Minimum energy bottom-bound and side-bound mechanism for Z-selective olefin metathesis. Structures were optimized in B3LYP/LANL2DZ/6-31G(d) level of theory, and energies computed in M06/SDD/6-311+G(d,p) level of theory.

2.8.1. Side- vs. Bottom- Bound Selectivity

The bottom-bound Ru-olefin π complex 29 is more stable that the side-bound 23 by 6.3 kcal/mol. However, consequent bottom-bound 2,2-cycloaddition TS-30 is less stable than side-bound TS-24 by 10.4 kcal/mol. Moreover, all bottom-bound metallacyclobutane ground and transition state complexes proceeding TS-30 are higher in energy than the corresponding side-bound complexes due to two main factors: (i) Steric compression: Computations indicate that the strong preference for side-bound complexes can be readily explained via steric effects. The syn orientation of the metallacyclobutane and adamantyl groups in the bottom-bound complex TS-30 and TS-32 leads to unfavourable van der Waals interactions between adamantyl and metallacycle protons (Figure 10, Left). In the side-bound TS-24 and TS-27, the metallacyclobutane is positioned anti to the adamantyl group, and hence, no steric contact is observed between the two groups. (ii) d Orbital Backdonation: Both NHC and alkylidene ligands are strong σ-donors and π-acceptors. Consequently, the preferred conformation situates the Ru-NHC π* orbital in the same plane as the Ru-alkylidene bond (Figure 10, Right). In the side-bound mechanism, two different ruthenium d orbitals are involved in backdonation into the π* orbitals of the NHC and alkylidene. However, in the bottom-bound complexes, the same Ru d orbital is involved in backdonation between both the NHC and alkylidene π* orbitals (Figure 10).^64–66 This weaker back-donation results in destabilization of the bottom-bound complexes.

Figure 10.

Computed 2,2-Cycloaddition and cycloreversion transition state structures for minimum energy side-bound and bottom-bound mechanisms (Left). Relevant orbital interactions depicting d orbital backdonation into π* of NHC and alkylidene moieties (Right).

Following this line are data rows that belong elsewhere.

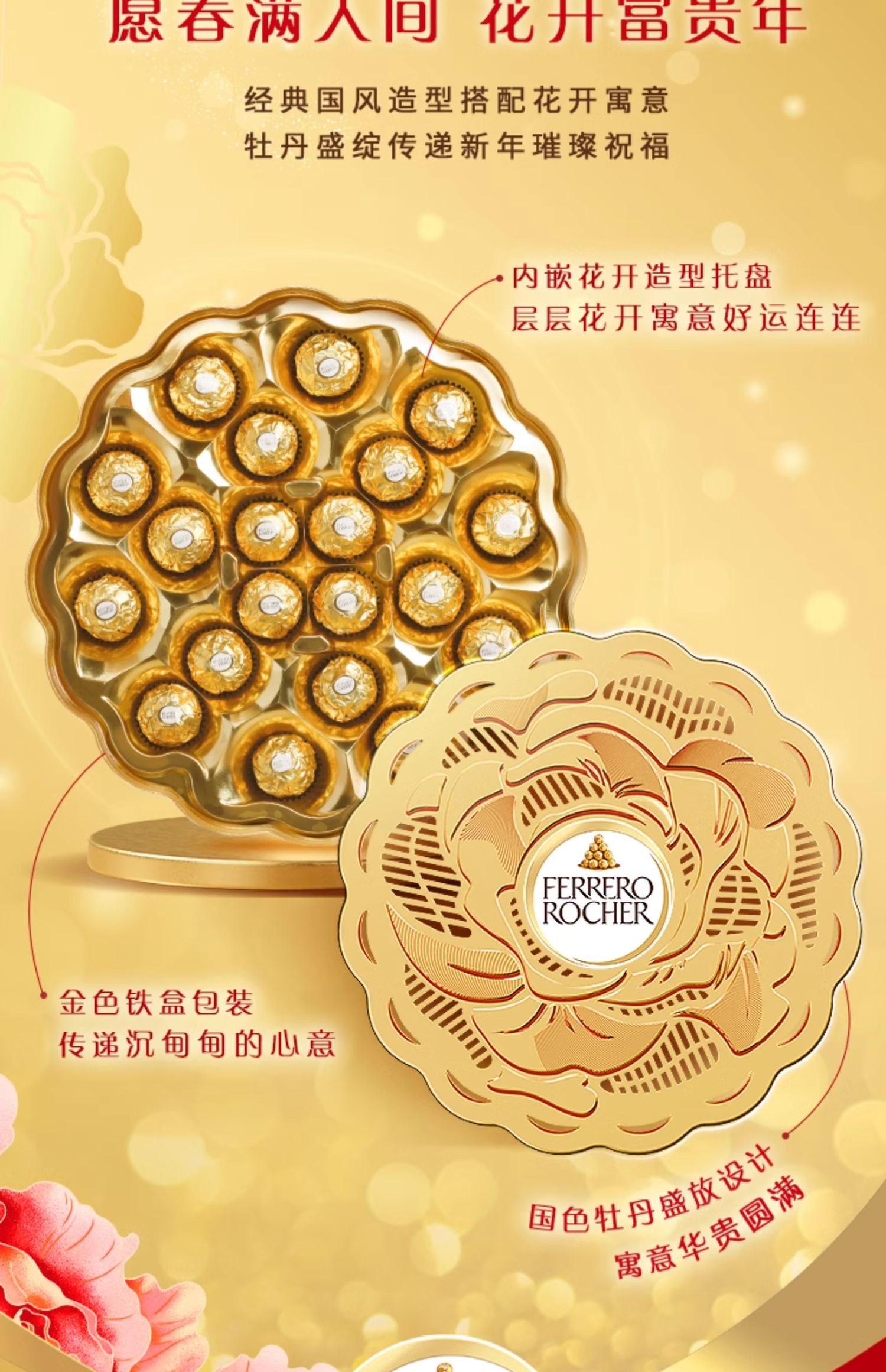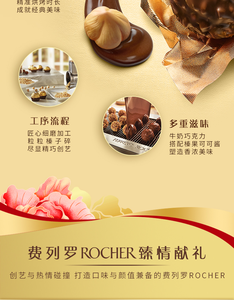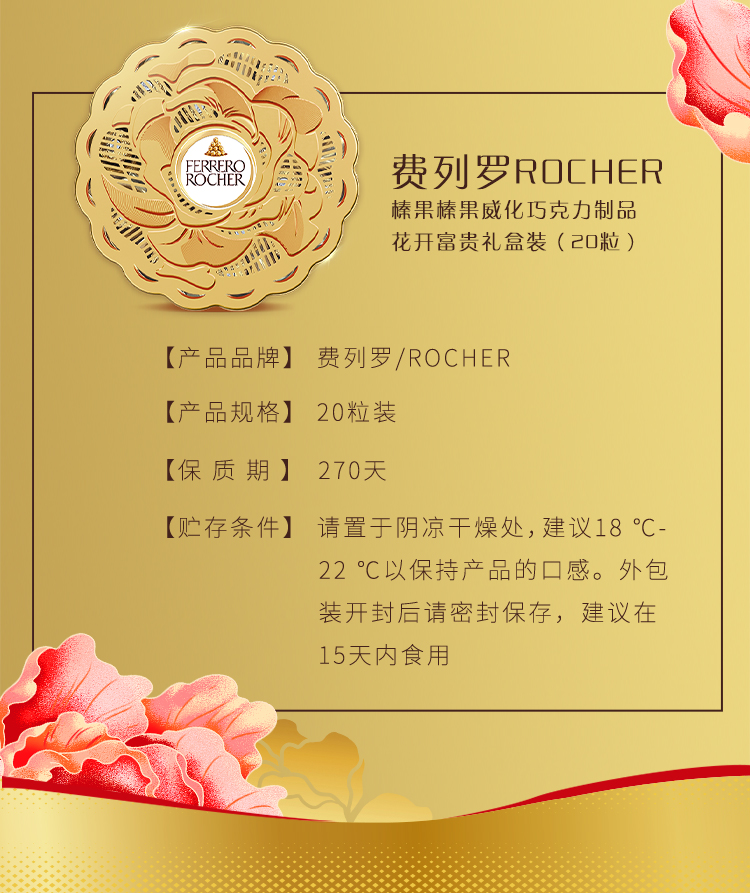 费列罗榛果威化巧克力制品礼盒装250g/043592 内嵌花开造型盘托20粒
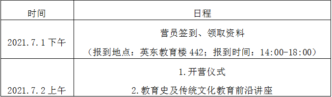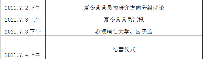 北京师范大学教育学院的夏令营一般在5月份中下旬发布活动举办通知,在7月份上旬举行,为期四天。2021年是该专业第一次召开夏令营活动,并且是与教育学部教育历史与文化研究院一同举办的,所以参营的学生有很多是走学硕道路的。该夏令营的具体规模和开营目的是:教育史30人,传统文化教育10人。将开展“学术前沿讲座、营员与教授一对一交流、导师制学习、社会考察”等活动,让营员了解北京师范大学教育学部及其教育历史与文化研究院,加强营员对中国教育史、外国教育史、传统文化教育等专业的认知。其对申请者有资格要求:本科前3年(前5学期)总成绩排名在该校同年级本专业前20%之内(但成绩不在前20%但在科研方面有优异表现者,也可以申请。)该夏令营没有英语水平相关的硬性要求。夏令营活动较为丰富,包含讲座、分组讨论及展示、师兄师姐交流会、面试、参观辅仁大学和国子监等。下面通过其往年夏令营活动安排来进行介绍。
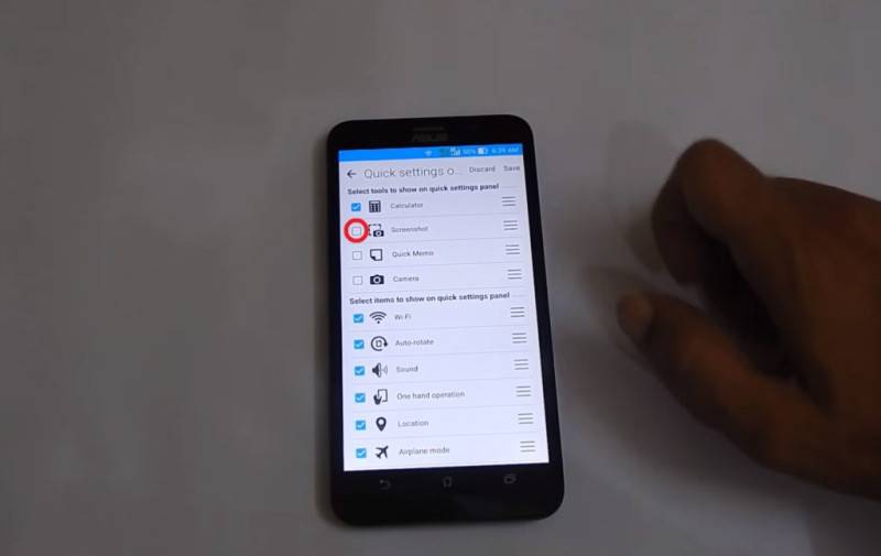 - Меню быстрой настройки (начиная с Zenfone 5) — кнопку «Скриншот» можно найти, проведя по экрану сверху вниз. Если такая клавиша отсутствует по умолчанию, для ее активации следует перейти в раздел «Опции быстрой настройки» в параметрах смартфона.
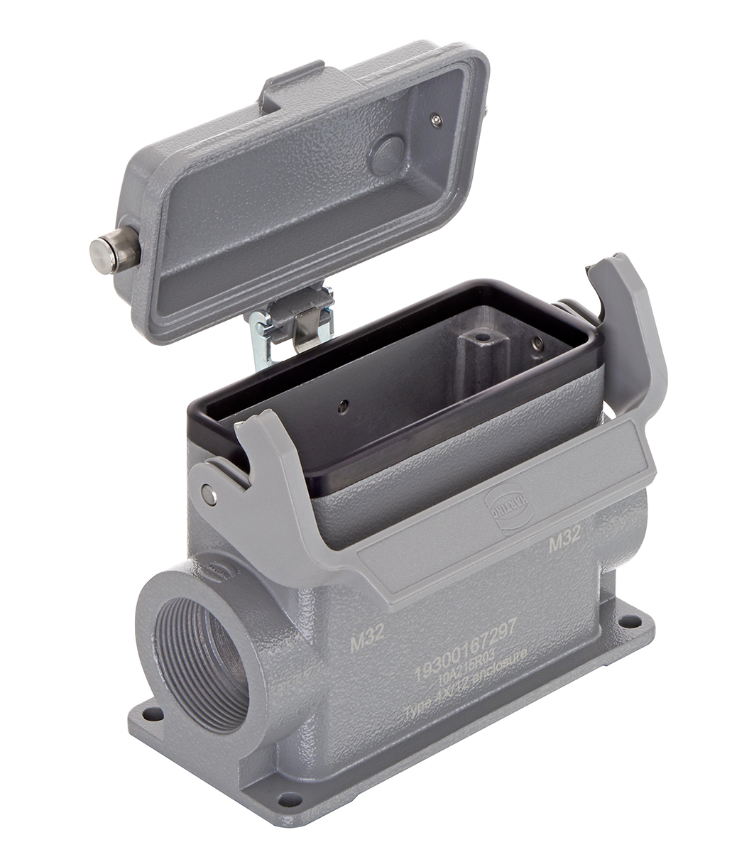 4. Obudowa złączy dużej mocy HARTING Montaż powierzchniowy rozmiar 16B Wpust boczny rozmiar gwintu M32 x 2 619.70

2.8.2. Z- vs. E- Selectivity

The strong preference for the side-bound mechanism offers unique control via steric interactions for the Z- over the E- olefin product. Moreover, because affording Z-selectivity is necessarily a kinetically-controlled process, we investigated the origins of Z-selectivity by looking at the transition states for the Z/E-selectivity determining step, using propylene as our model substrate. Computations revealed that the TSs leading to E-olefin were less stable than those leading to the Z-olefin mainly because of unfavourable van der Waals interactions between one of the methyl groups in the (E)-2-butene product and the Ru-NHC mesityl group (Figure 11).

Figure 11.

Z- vs E- selectivity model.

2.8.3. Decomposition of Z-Selective Catalysts

Catalyst decomposition studies shed light into improving catalyst stability, activity, and selectivity. Recently, we reported several unique catalyst decomposition products of Z-selective ruthenium-based catalyst Ru-5-II.⁶⁷ Ru-5-II was exposed to carbon monoxide (CO) at –78 °C in an effort to afford a novel architecture characterized by a CO-ligated ruthenium catalyst complex with an intact alkylidene. Instead, complex 33, saturated with CO ligands and a covalent attachment of the N-adamantyl to the once-alkylidene carbon, was observed (Figure 12).⁶⁸ We rationalized that the π-acidity of the CO ligands reduced the capacity for ruthenium π-backbonding with the alkylidene. To relieve this destabilization, the alkylidene inserts into the Ru-C_adamantyl bond to yield 33. This observation led us to propose that alkylidene insertion into the Ru-C bond of Ru-5 catalysts could still occur in the absence of CO ligands, and that consequent hydride elimination following alkylidene insertion would yield a complex incapable of productive metathesis.

Figure 12.

Decomposition of Ru-5-II via alkylidene insertion into Ru-C bond upon exposure to carbon monoxide.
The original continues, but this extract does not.